# Task description
The line containing "为进一步夯实合作基础,在与会" marks the end: extract everything from the first line of the data through that line, exactly, with no pictures.
[[ Provided material open ]]
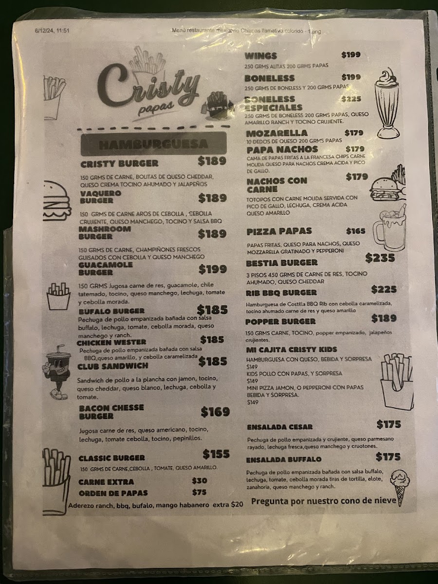 Overall, Cristy Papas Centro perfectly blends delectable cuisine with a warm, engaging atmosphere. If you seek a place to indulge in superb burgers and create cherished memories with loved ones, there’s no better dining destination in Nogales. I wholeheartedly recommend giving this local hotspot a visit — you’ll leave with a satisfied palate and a smile!
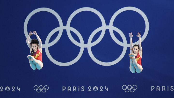 冠軍中國選手昌雅妮(右)/陳藝文在巴黎奧運(yùn)會跳水女子雙人3米板決賽中(2024年7月27日攝)。新華社記者 李明 攝
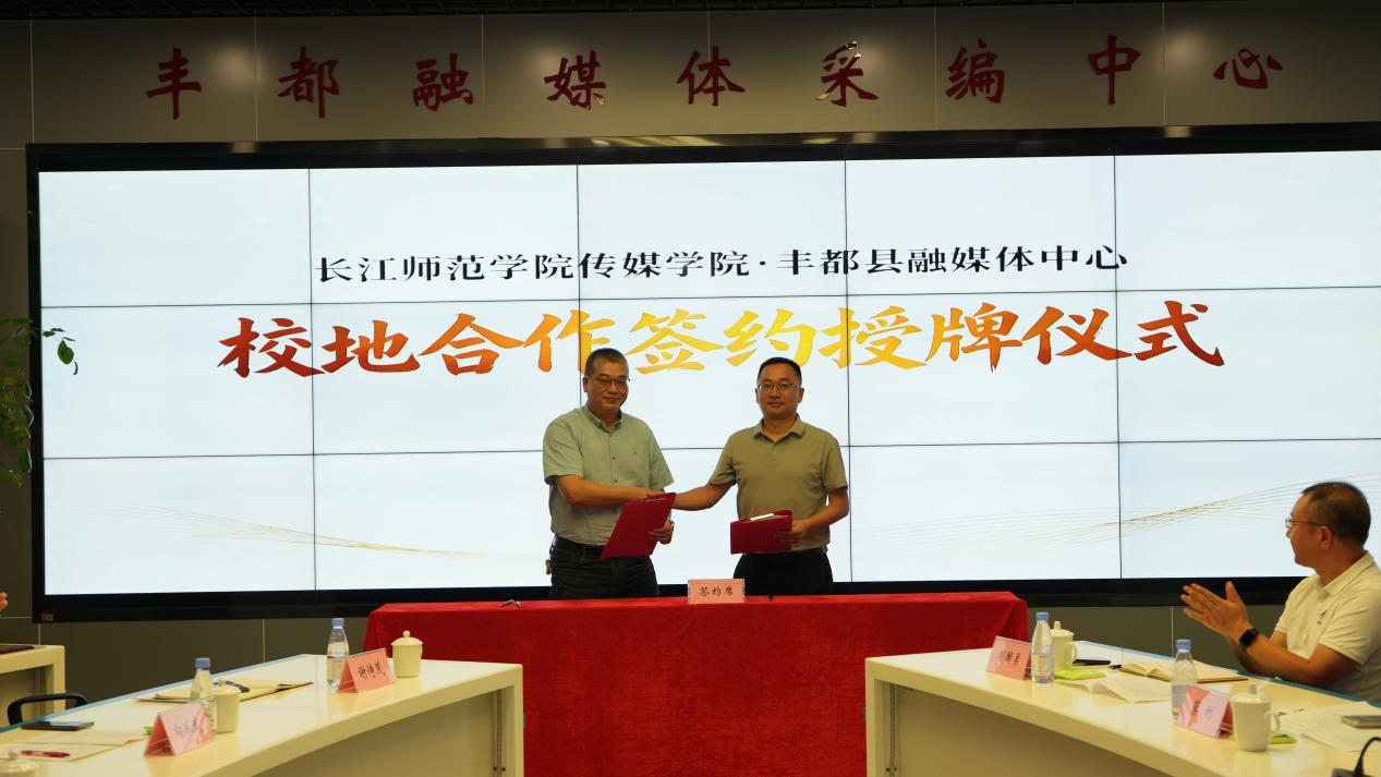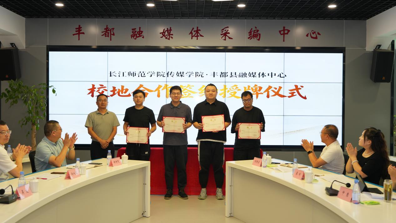 为进一步夯实合作基础,在与会人员的共同见证下,双方代表正式签署了校地合作协议。向丰都县融媒体中心进行了“实习就业基地”授牌。
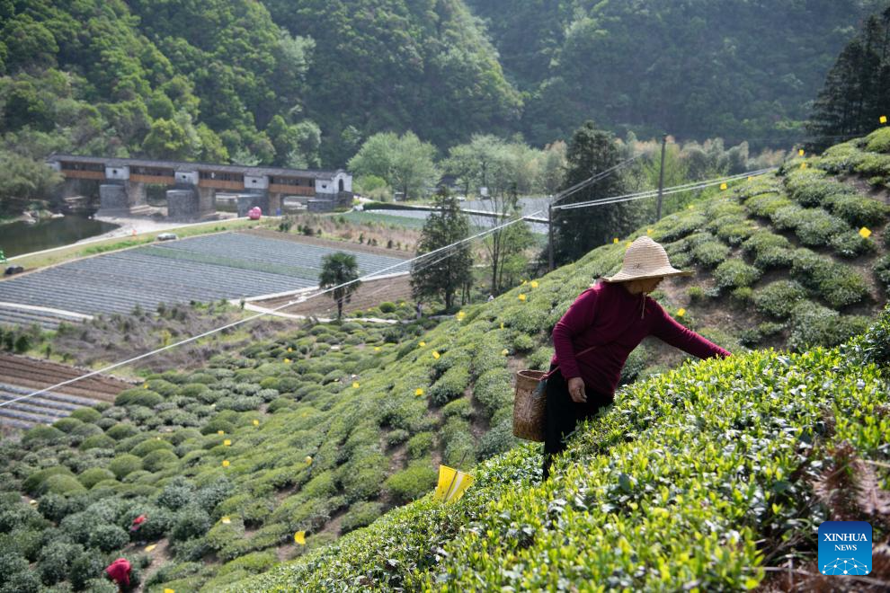 A farmer picks tea leaves at a tea garden near the Gongbei roofed bridge (L, upper) in Xiuning County of Huangshan City, east China's Anhui Province, April 11, 2025. Roofed bridge, also called covered bridge, is a unique architectural structure in Huangshan City. These ingeniously structured and elegantly shaped bridges carry rich cultural significance and form a distinctive part of Huizhou culture.
[[ Provided material closed ]]
# Answer box
 Overall, Cristy Papas Centro perfectly blends delectable cuisine with a warm, engaging atmosphere. If you seek a place to indulge in superb burgers and create cherished memories with loved ones, there’s no better dining destination in Nogales. I wholeheartedly recommend giving this local hotspot a visit — you’ll leave with a satisfied palate and a smile!
 冠軍中國選手昌雅妮(右)/陳藝文在巴黎奧運(yùn)會跳水女子雙人3米板決賽中(2024年7月27日攝)。新華社記者 李明 攝
 为进一步夯实合作基础,在与会人员的共同见证下,双方代表正式签署了校地合作协议。向丰都县融媒体中心进行了“实习就业基地”授牌。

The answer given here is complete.